Based on the "garbage" I had seen in the key earlier, I took a guess for how to "break" it again, and I was right. Here's how to break it (which is doubtless how I broke it before). Open a single instance of VS 2008. Click on Tools\Options to bring up the Options dialog. With the dialog open, switch to an Explorer window and double-click on a supported file type like .c or .h . Note that you get a *second* instance of VS 2008, which correctly opens your file (if this was working before this exercise). Close both VS 2008 instances, and double-click your file again. On my machine, I get a beep and an error dialog -- "There was a problem sending the command to the program." VS 2008 is now open, but didn't load the file. Leaving VS 2008 running and dismissing the dialog, I can then double-click on the same file and it will work this time. So, it works if VS 2008 is already running, but not if it isn't. Looking at the registry key, it is now clobbered (again).

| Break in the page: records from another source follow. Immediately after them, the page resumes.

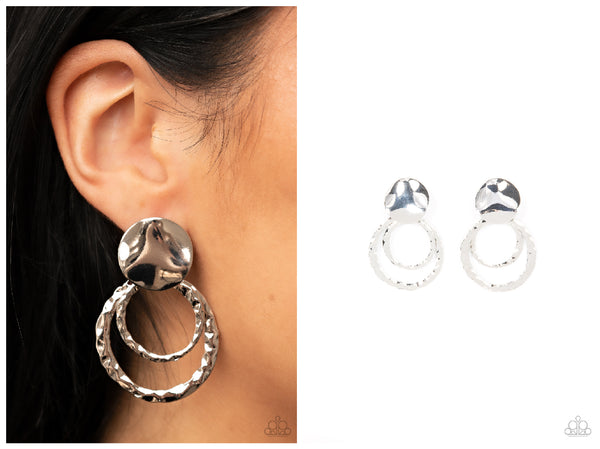 Two shiny hammered silver circles swing from a wavy silver disc, creating a captivating lure. Earring attaches to a standard post fitting.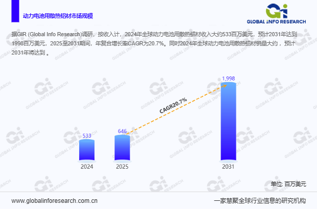 全球动力电池用散热铝材市场正迎来爆发式增长。根据Global Info Research(GIR)调研数据,2024年全球市场收入约为533百万美元,预计到2031年将飙升至1998百万美元,2025至2031年期间年复合增长率(CAGR)高达20.7%。这一增速远超有色金属行业中等水准,背后是多重因素的叠加驱动。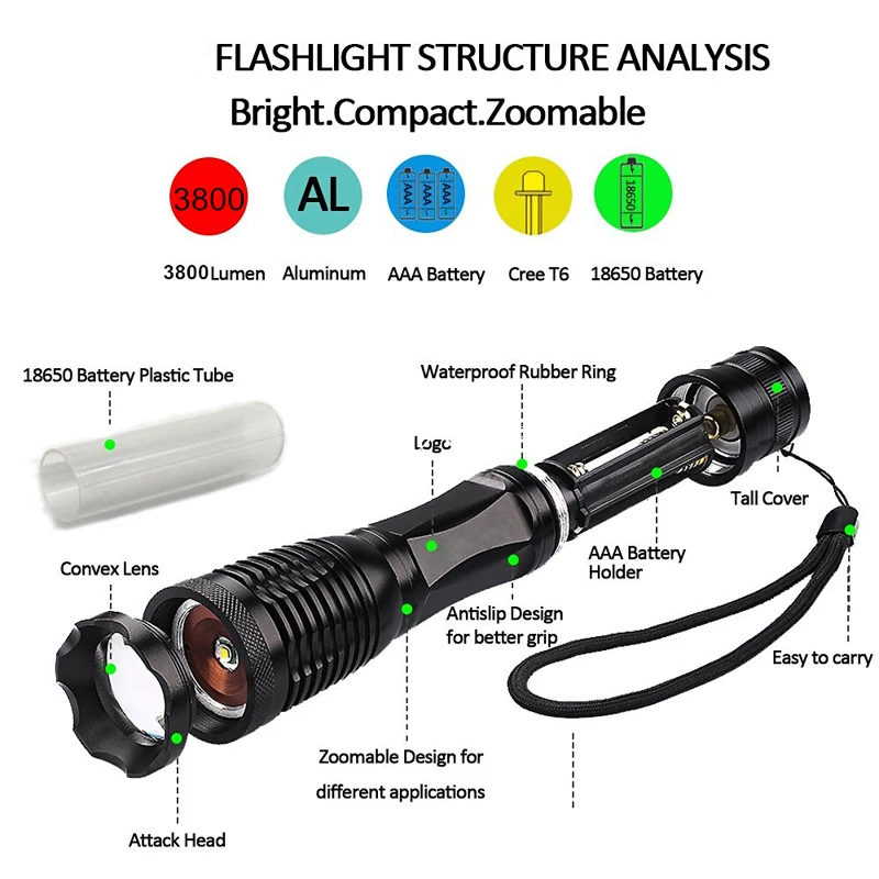 1 xu0026nbsp;XML T6u0026nbsp;flashlight(without battery)

The good values for the registry are:

Windows Registry Editor Version 5.00

[HKEY_CURRENT_USER\Software\Microsoft\Windows\CurrentVersion\Explorer\FileExts\DDECache]

[HKEY_CURRENT_USER\Software\Microsoft\Windows\CurrentVersion\Explorer\FileExts\DDECache\VisualStudio.9.0]

[HKEY_CURRENT_USER\Software\Microsoft\Windows\CurrentVersion\Explorer\FileExts\DDECache\VisualStudio.9.0\system]
"ProcessName"="devenv.exe"
"WindowName"="DDEHandler"
"WindowClassName"="DDEHandler"

The "clobbered" values that I produce using the steps above are:

Windows Registry Editor Version 5.00

[HKEY_CURRENT_USER\Software\Microsoft\Windows\CurrentVersion\Explorer\FileExts\DDECache\VisualStudio.9.0]

[HKEY_CURRENT_USER\Software\Microsoft\Windows\CurrentVersion\Explorer\FileExts\DDECache\VisualStudio.9.0\system]
"ProcessName"="devenv.exe"
"WindowName"="Microsoft Visual Studio (Administrator)"
"WindowClassName"="wndclass_desked_gsk"


This is apparently a funky enough problem that *my* fix might not have anything to do with *your* problem, but this is what I'm seeing on my machine. I don't know whether it is 64-bit Windows Explorer on Windows 7 or Visual Studio Professional 2008 that is misbehaving, or perhaps both, but perhaps the folks on the shell team could work with the folks on the VS IDE team and decide what should be fixed to make this problem go away.

As additional evidence that either party could be at fault, I see similar WindowName and WindowClassName registry values for WinWord, and its WindowClassName is "OpusApp" (sounds good) but its WindowName is some .doc file I last opened two months ago. This shell launching stuff is complicated, to say the least.